LanguageMaturitySupported package managersSupported file types
Python1Betapip, pipenv2, poetry, uv.py
JavaScript/TypeScript3Betanpm, pnpm, yarn.js, .ts
Java4Betamaven5, gradle6.java

Footnotes:

  1. When using dependency scanning with pipdeptree, optional dependencies are marked as direct dependencies instead of as transitive dependencies. Static reachability analysis might not identify those packages as in use. For example, requiring passlib[bcrypt] may result in passlib being marked as in_use and bcrypt is marked as not_found. For more details, see pip.
  2. For Python pipenv, static reachability analysis doesn’t support Pipfile.lock files. Support is available only for pipenv.graph.json because it supports a dependency graph.
  3. No support for frontend frameworks.
  4. Java’s dynamic nature causes known issues with higher false negatives.
  5. Use maven.graph.json files as described in the Maven instructions.
  6. Use dependency lock files as described in the Gradle instructions.

Known issues for Java

Static reachability analysis for Java has the following known issues:

  • It detects explicit usage through direct imports, Java reflection patterns, and JDBC connection strings in source code.
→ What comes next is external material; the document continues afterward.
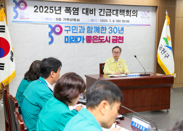 [시민일보 = 여영준 기자] 금천구(구청장 유성훈)는 지난 7일 오전 10시 서울 전역에 첫 폭염경보가 발령됨에 따라 8일 오전 9시 유성훈 금천구청장 주재로 행정안전국장, 복지가족국장, 관련부서장 10명과 함께 폭염 대비 긴급대책회의를 개최했다.

It cannot identify dependencies loaded dynamically at runtime, such as those using dependency injection frameworks like Spring Boot.
  • Coverage is limited to packages in the GitLab advisory database and the most widely-depended-upon packages in Maven Central.

These issues might result in higher false negative rates for projects using modern frameworks.

Offline environment

To run static reachability analysis in an offline environment, you must do an initial setup and perform ongoing maintenance.

Initial setup:

Ongoing maintenance:

  • Update the local dependency scanning (SBOM) image whenever new versions are released.

For Python and Java packages, static reachability analysis uses metadata to map package names from SBOMs to their corresponding code import paths. This metadata is contained in the dependency scanning analyzer’s image. Outdated metadata may result in incomplete or inaccurate reachability analysis.